Translation: There may be hope for me yet.

“You. It take 3 month. Or 4. Lot of work. No try to get pregnant for 3 month.”

Translation: Secret hopes of this getting me pregnant this month are out the window.

I sit there like a stunned deer, unable to speak. Not just because this crazy Asian woman is yelling at me. But because this is the first person to give me a reason for all of it. A reason that isn’t “Well, you just have shitty luck.” Or “who knows why this is happening, but here, take these pills that will also make you dizzy and hot all the time.”

And some of it even makes sense. A lot of sense, actually. My hands and feet have always been ice cold. My fingers and toes go numb if I spend more than 2 minutes in the refrigerated section of Whole Foods. I drink tons of cold water, more than normal people – my coworkers continually comment on how often I take my giant water bottle into the kitchen for a refill during the work day. I run. I have freakishly low blood pressure – something I simply attributed to being so fit. I don’t sleep very well. I eat lots of salads and other things I’ve always considered to be healthy.

So basically, what the fuck have I been doing to my body all these years?

And this woman. This crazy Chinese woman who is yelling at me. I hate her. I love her. I want to kill her. I want nothing more than to impress her – to show her how devoted to this cause I can become. I want to yell at her. I want to hug her. I want to slay her on Yelp and social media. I want to invite her over to my house for dinner.

I don’t. but I do the next best thing: I schedule my first treatment.

For those who have asked, here is an unofficial yin/yang food chart got from the internets.


12 thoughts on “The Dragon Lady

  1. I will never forget my first appointment with Dragon Lady.

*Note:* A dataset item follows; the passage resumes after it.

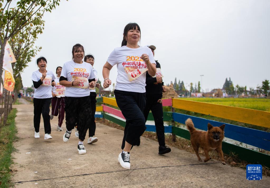 9月21日,在益陽(yáng)市南縣麻河口鎮東勝村,當地村民和游客在參加“美麗鄉村健康跑”活動(dòng)。

She was so horrified by my diet, my diet coke consumption, my pulse and my “yeasty tongue” that she really couldn’t get much past that and onto the fixing of me! This is an exact quote from her when she felt my pulse, “No baby! No baby in there! You tired, and bloated and eat bad food. No baby!”
    She finally stuck me with the needles and wanted to hug me afterwards.
    I know the feeling about loving her and hating her at the same time. We aren’t paying her to be nice to us, or to even be our friend. Just to get us pregnant. Please, for the love of GOD Evil Dragon Lady fix this!!!


  2. Omg I think I am in love with you. Hysterically written. I just wrote a post about my own acupuncture treatments for fertility. But my lady is not Chinese so it was less amusing lol


  3. This has got to be my favorite blog post ever by anyone. And I need this dragon lady. I too have the cold hands, cold water, dead baby, salad ridden, cardio absorbed body. I need more yang. Please tell me you found out what yang food is.


    1. Aw shucks. Thanks you guys. I found a good yin yang food chart I’ve been using on the web. Just google yin yang food chart and lots will pop up. I Will try and post one here too. In general though I’ve been adding more meats, eggs, nuts, seeds and quinoa to the diet. And restricting my intake of lettuce, sprouts and cold leafy greens. Veggies and fruits are a must. 2 servings of each per day. But Veggies need to be cooked, not raw. It helps the body absorb the nutrients without taxing it to digest the cold veggies.